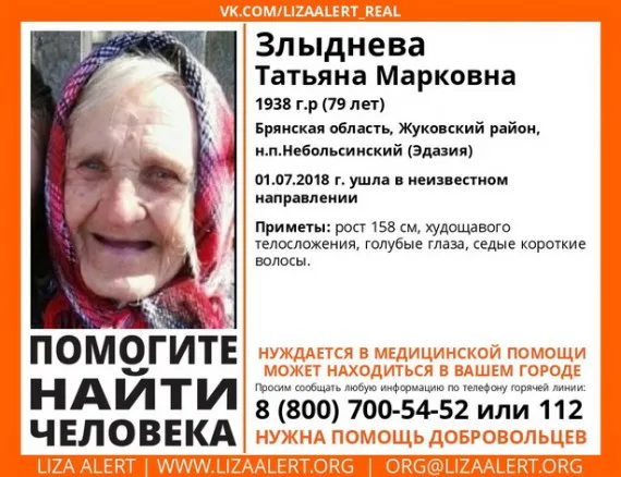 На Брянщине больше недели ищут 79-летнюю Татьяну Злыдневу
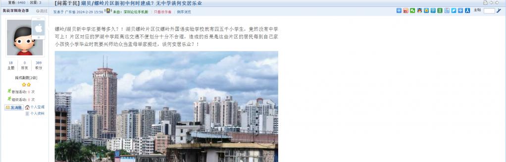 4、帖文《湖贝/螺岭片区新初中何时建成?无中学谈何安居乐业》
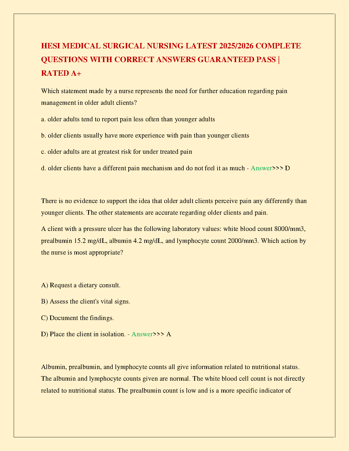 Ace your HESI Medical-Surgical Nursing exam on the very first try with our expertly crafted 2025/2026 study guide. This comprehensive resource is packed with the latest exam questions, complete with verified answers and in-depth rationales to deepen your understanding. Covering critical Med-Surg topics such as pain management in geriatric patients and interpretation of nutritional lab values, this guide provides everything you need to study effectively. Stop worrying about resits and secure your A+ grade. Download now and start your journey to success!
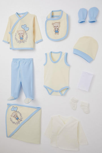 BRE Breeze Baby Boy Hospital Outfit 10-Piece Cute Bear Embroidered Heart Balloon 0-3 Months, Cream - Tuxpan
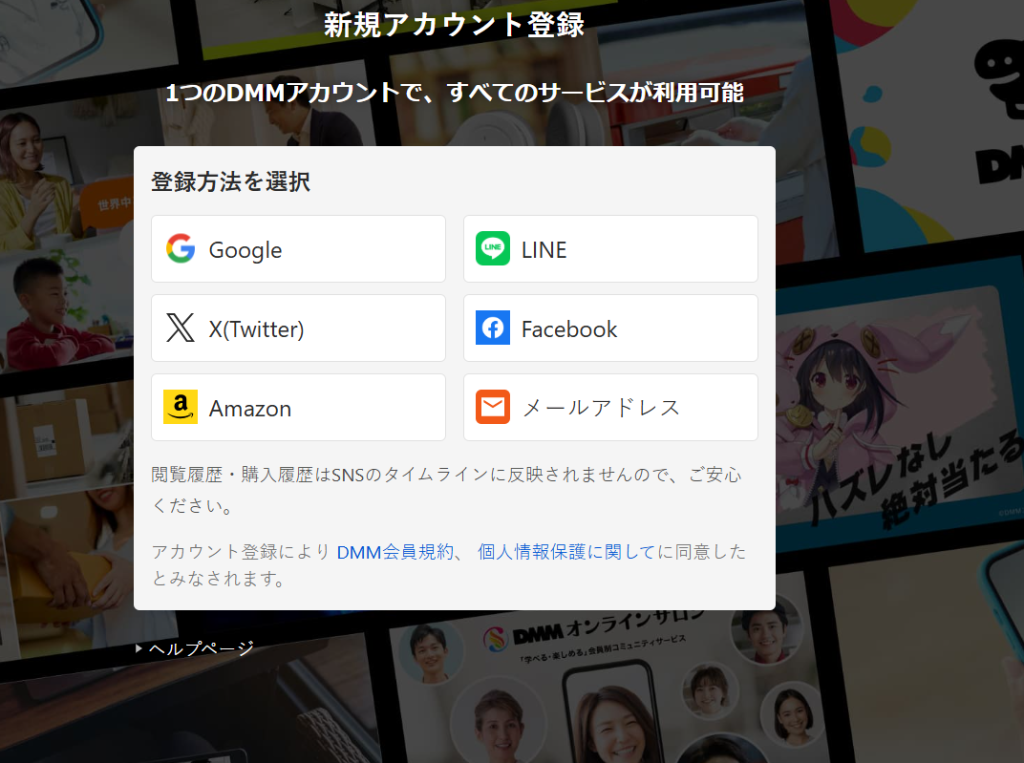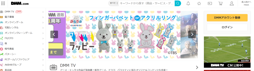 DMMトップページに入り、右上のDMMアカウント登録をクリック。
━━━━━━━━
> _REQUIREMENT_
Transcribe each entry exactly, pictures excluded.

> _RESULT FOR THIS EXERCISE_
 На Брянщине больше недели ищут 79-летнюю Татьяну Злыдневу
 4、帖文《湖贝/螺岭片区新初中何时建成?无中学谈何安居乐业》
 Ace your HESI Medical-Surgical Nursing exam on the very first try with our expertly crafted 2025/2026 study guide. This comprehensive resource is packed with the latest exam questions, complete with verified answers and in-depth rationales to deepen your understanding. Covering critical Med-Surg topics such as pain management in geriatric patients and interpretation of nutritional lab values, this guide provides everything you need to study effectively. Stop worrying about resits and secure your A+ grade. Download now and start your journey to success!
 BRE Breeze Baby Boy Hospital Outfit 10-Piece Cute Bear Embroidered Heart Balloon 0-3 Months, Cream - Tuxpan
 DMMトップページに入り、右上のDMMアカウント登録をクリック。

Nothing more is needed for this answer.